Fig. 1 is a schematic flowchart of a carrier frequency synchronization method according to an embodiment of the present invention; as shown in fig. 1, the carrier frequency synchronization method specifically includes the following steps:
step S101, a target demodulation signal of the current synchronization period is acquired.
In this embodiment, acquiring the target demodulation signal of the current synchronization period includes: demodulating the carrier signal received in the current synchronization period to obtain a current demodulation signal; and adjusting the amplitude of the current demodulation signal to obtain a target demodulation signal.
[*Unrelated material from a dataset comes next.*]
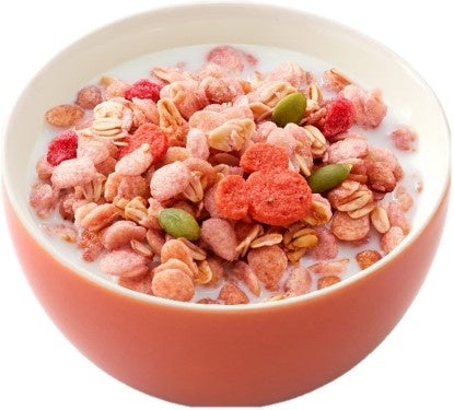 「フルグラ(R)」にミッキー型のいちごのトッピングが入った『フルグラ(R) ベリーミルク味』

In this embodiment, the amplitude adjusting the current demodulation signal includes: judging whether each sampling point value in the current demodulation signal is larger than a first preset amplitude value or smaller than a second preset amplitude value; if the current sampling point value in the current demodulation signal is larger than the first preset amplitude value, modifying the current sampling point value into the first preset amplitude value; if the current sampling point value in the current demodulation signal is smaller than the second preset amplitude value, modifying the current sampling point value into the second preset amplitude value; and if the current sampling point value in the current demodulation signal is smaller than the first preset amplitude value and larger than the second preset amplitude value, the current sampling point value is not modified.
It should be noted that, in order to reduce the influence caused by the phase jump during the feedback frequency adjustment, the embodiment performs amplitude limiting processing on the demodulated baseband waveform; the amplitude limiting processing is to quantize the demodulation waveform after matched filtering to a maximum value of the amplitude as a first preset amplitude A _ MAX when no frequency deviation exists, and to use a negative number of the first preset amplitude A _ MAX as a second preset amplitude-A _ MAX; and matching the filtered demodulation waveform sample value according to the judgment basis of the first preset amplitude and the second preset amplitude, outputting A _ MAX if the demodulation waveform sample value is greater than A _ MAX, outputting-A _ MAX if the demodulation waveform sample value is less than-A _ MAX, and otherwise, outputting an original value.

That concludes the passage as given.